Analysis of tasks by multiple indicators and parameters ensures weighted decision making because it allows gaining a better understanding of task state and performance. OLAP cube is an analytical method that makes it possible to use multi-dimensional task analysis. OLAP cube uses multiple attributes of a task as the input data to analyze and measure the task’s performance. The method then generates aggregated information about the task in the form of a cube which visualizes the scalability of task intelligence.

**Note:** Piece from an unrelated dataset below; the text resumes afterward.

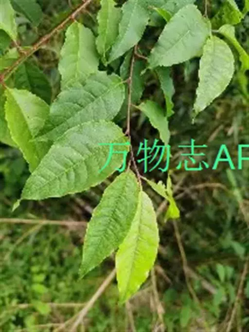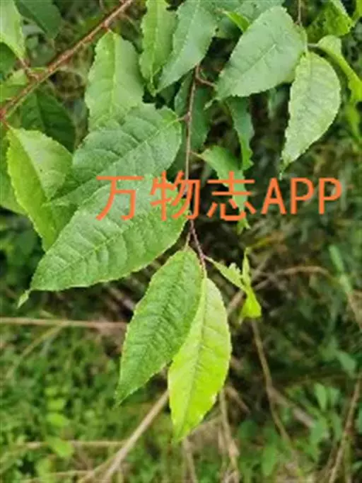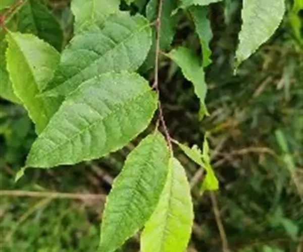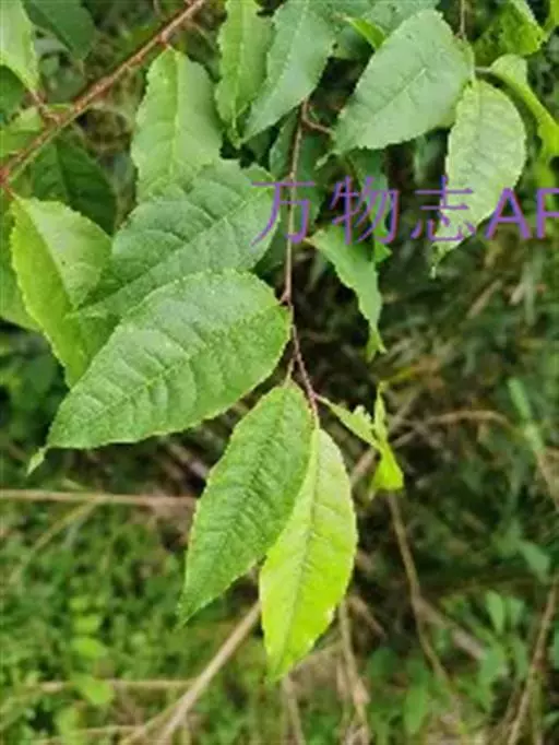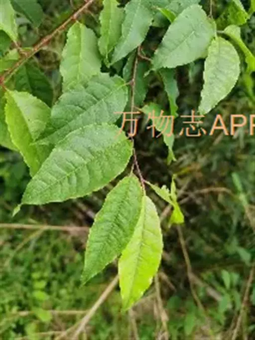 叶片椭圆形或长圆椭圆形,稀倒卵椭圆形,长4-10厘米,宽2.5-5厘米,先端尾状渐尖或短渐尖,基部圆形、宽楔形,偶有楔形,边缘有贴生锐锯齿,上面深绿色,下面淡绿色,两面无毛;叶柄长1-1.5厘米,通常无毛,无腺体,有时在叶片基部边缘两侧各有1个腺体;托叶膜质,线形,先端渐尖,边有腺齿,早落。

The advantage of using OLAP cube in task analysis is that this method lets use task data aggregated by multiple measures and categorized by three or more dimensions to create a parametric task behavior model for performance reporting and further decision making. OLAP cube is best for analyzing tasks that have multiple attributes; for other tasks with several attributes this analytical method appears to be too complicated.
Multi-dimensional task analysis through OLAP cube involves the following steps:
- Identify task attributes to be analyzed. These attributes are called "measures"
- Think how measures relate to each other
- Categorize related and similar measures into groups. These groups will be “dimensions” of the cube (if there are more than 3 dimensions, there will be an OLAP hypercube)
- Create the fact table and the dimension table
- Use a special visualization tool to draw OLAP cube
- Carry out operations (Slicing, Dicing, Drilling down/up, Rolling up, Pivoting) to spin the cube and see tasks in various perspectives
- Design an analytical report that includes task intelligence.